How a vegetarian couple cooks and serves over 20 types of traditional non-veg dishes every day
A couple running an eatery at their home in Erode district, 79 kilometres from Coimbatore, has put their village, Seenapuram, on the food map of India. The restaurant, UBM Namma Veetu Saapaadu, serves a special non-veg lunch and gets customers from faraway places like Bengaluru and Chennai. Its speciality is its sumptuous unlimited lunch at Rs.500 (which goes up to Rs.700 in some cases) with around 20 types of traditional non-veg dishes made from mutton, chicken, fish, turkey and more. What’s interesting is that the duo, are strictly vegetarian.
Food is served on plantain leaves, seven to eight feet in length, and a family of four to five can sit together and eat from a single leaf. They serve on smaller leaves too, if you ask for it. The owners, R Karunaivel, 60, and his wife Swarnalakshmi, 53, make the food themselves. About 50 people drop by on weekdays, but a bigger crowd turns up on weekends, according to the couple.
“We get around 150 people during weekends and holidays. Families travel from as far as 150 to 200 km to satiate their taste buds and eat to their heart’s content. The smile on their face when they leave our hotel gives me the energy to feed more and more people,” says Karunaivel. Along with a variety of non-vegetarian items including mutton kolambu, rathaporiyal, kudal curry, thalaicurry, liver curry, items made of broiler chicken and naatukoli (country) chicken, meenkolambu (fish curry), they serve rice, rasam and curds as well. For children, a special chicken gravy is made adding lentils, which is less spicy
Lunch is served as they do at wedding feasts, to batches of about 50 people in each sitting. Twenty people can sit inside their home and a separate enclosure on the side of the house accommodates the rest. UBM is open from 12.30 p.m. to 3 p.m. serving only lunch. If you have to be sure of treating yourself to a hearty meal, you need to make a call and book your table.
“Our family was known for extending hospitality to people. My grandparents saw to it that nobody visiting our house would go back hungry.

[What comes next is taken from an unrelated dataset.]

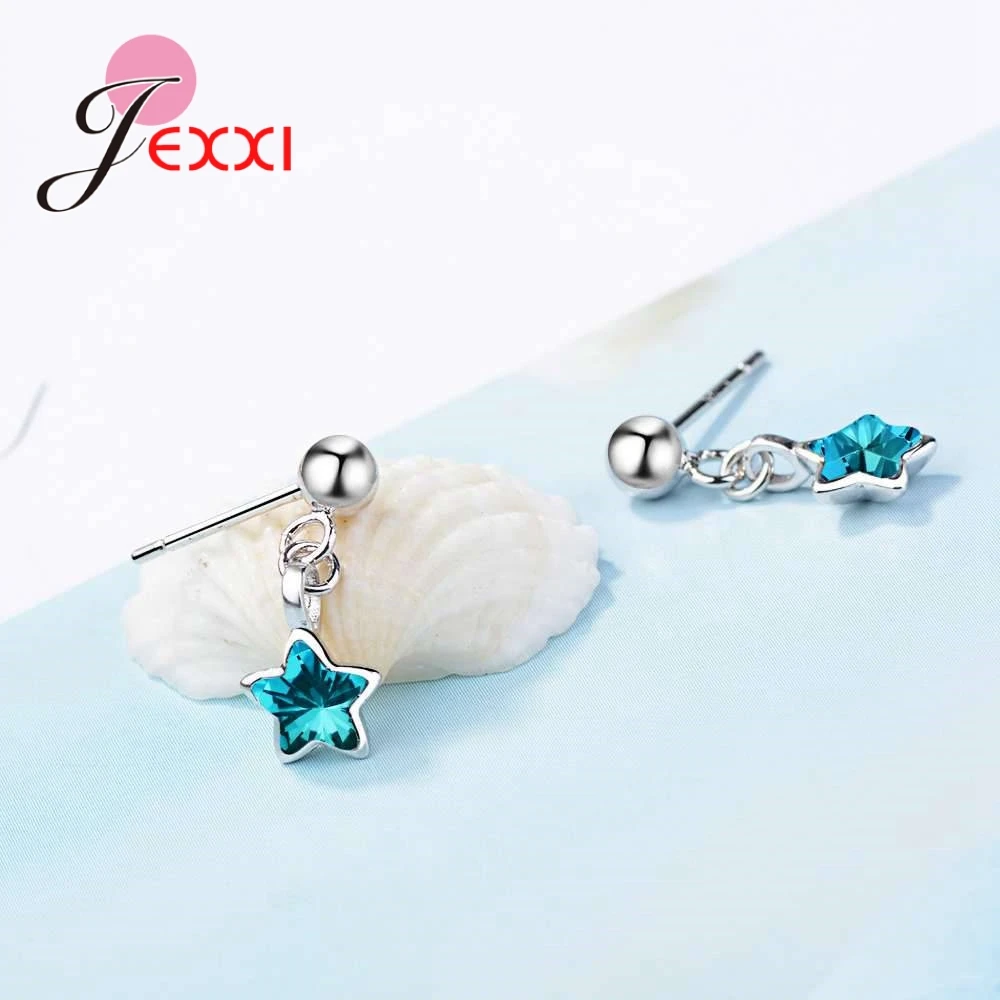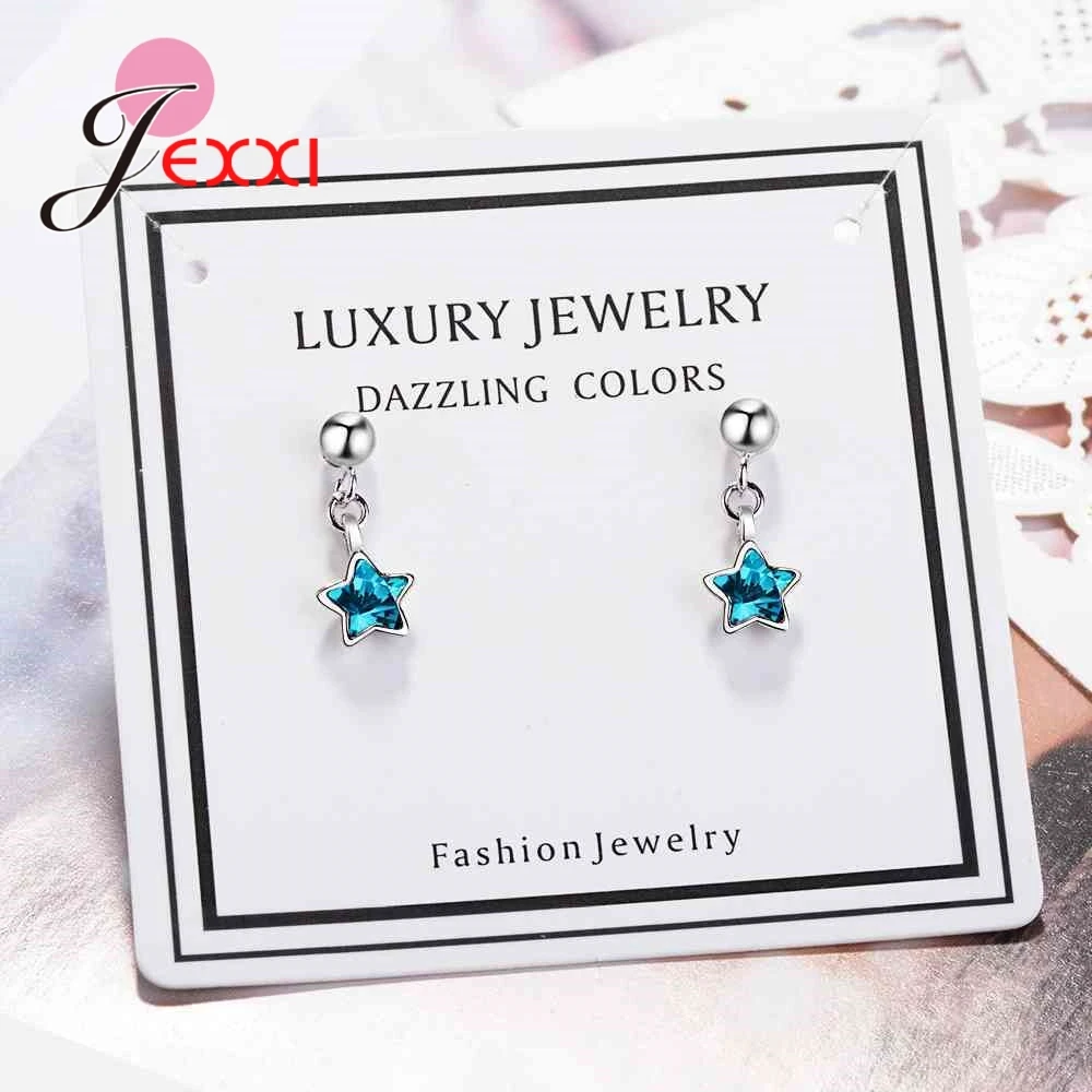 JEXXI High Quality Charming Austrian Crystal Star Pendant Earrings 925 Sterling Silver Big Promotion Women Engagement Jewelry

This was passed on to my parents and we are continuing the same tradition,” Karunaivel told The Weekend Leader. The couple procures the core ingredients locally. Karunaivel personally checks the quality of meat, and fish, and gives clear instructions on making the masala pastes and mixes to his wife.
“As a home-run establishment, and with my wife being the sole cook, we have greater control over what goes into the food, and thus we have been able to maintain the quality and taste. Our aim is to make the entire family feel at home and give them the experience of enjoying a meal sitting together and eating from a single leaf. For individuals and friends, who, at times hesitate to eat from the same plantain leaf, we serve food individually on smaller leaves,” Karunaivel said.